Water Privatisation Warning

PSA Warns Kapiti Residents Not

To Be Hoodwinked Over Water

By Alan Tristram
August 11, 2010

Fears over the future privatisation of Kapiti’s water have brought a warning to local people from Brenda Pilott, National Secretary of the Public Service Association.

In a special article for KIN, Ms Pilott says:

Water is one of our most precious resources and this is especially so for people living in areas where it is in short supply. The Kapiti Coast is one such region where decades of growth have placed enormous strain on reserves.

Later this month, following extensive investigations and consultation with local communities, Kapiti Coast District Council will decide on long-term water supply solutions for the region

Consultation under the 2002 Local Govt. Ac

This extensive consultation reflects the 2002 Local Government Act’s ground-breaking call for unprecedented engagement between councils and their constituents in its requirement on councils to consider community, economic, cultural and social well-being in their decision-making and consultation processes.

Even before the Act came into being, dialogue between local bodies and their communities was an important part of how decisions were made and needs and priorities determined.

‘Hide regards consultation as unnecessary’
By contrast, Rodney Hide’s Local Government Amendment Bill regards such connection between councils and communities as “unnecessary consultation” — this from a bill that is promoted as an attempt to improve transparency and accountability in local government.

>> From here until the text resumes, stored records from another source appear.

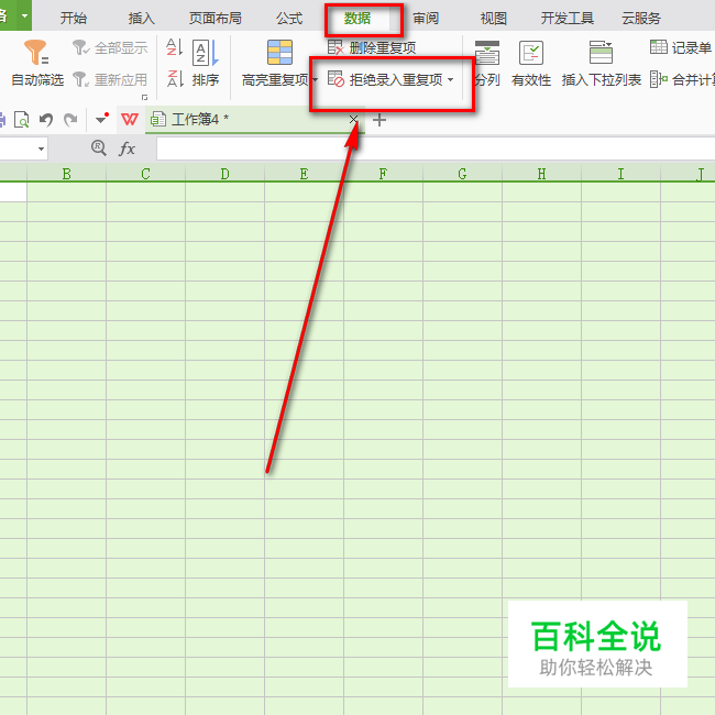 然后点击“数据”菜单下的“拒绝录入重复项”。
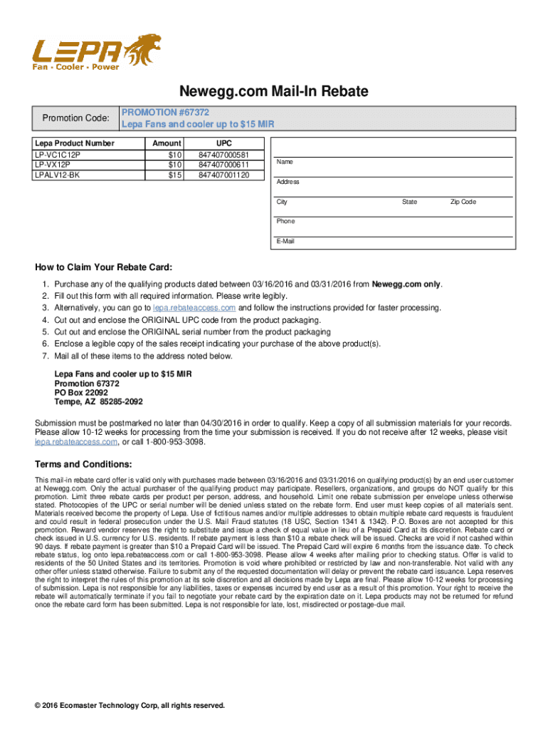 Newegg.com Mailing Rebate Promotion Code:PROMOTION #67372 Leap Fans and cooler up to $15 Milena Product Number LPVC1C12P LPVX12P LPALV12BKAmount $$$101015UPC 847407000581 847407000611 847407001120Name
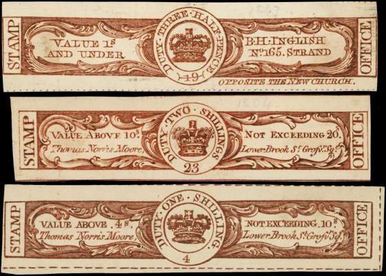 Medicine Duty: 1795-1823 group of 5 different proof impressions paying 1½d, 3d, 6d, 1s and 2s duty including 'BH INGLISH, NO. 165 Strand' a company charmingly listed as being 'OPPOSITE THE NEW CHURCH' referring to St Mary le Strand which was completed in 1724! Fascinating and attractive pieces of social history. Booth types 83a/c, (see p. 339 for detailed listing)

Compounding this is a stated aim in the bill to “level the playing field to better enable the private sector to deliver local authority services” and proposes that councils contract out water services for 35 years.

Supporters of the amendment bill say this will simply allow councils more flexibility on how they manage water services.

‘Don’t be Hoodwinked’

It is important not to be hoodwinked by such beguiling assertions. A 35-year contract is effectively privatisation. It is time enough and more for local authorities to lose the necessary skills and resources to reclaim services.

Private water companies are in business to make profits and nothing feeds profits more than when demand outstrips supply. This is an important consideration when it comes to a vital resource like water.

Overseas experience shows that privatising water can bring about increased costs to consumers, a deterioration of wages and conditions for employees and a lack of accountability on the part of water companies.

Water is a human right and its supply should not be driven by profit. For this reason it is imperative that local communities retain control and ownership of their water services as well as their right to participate in local government decision making.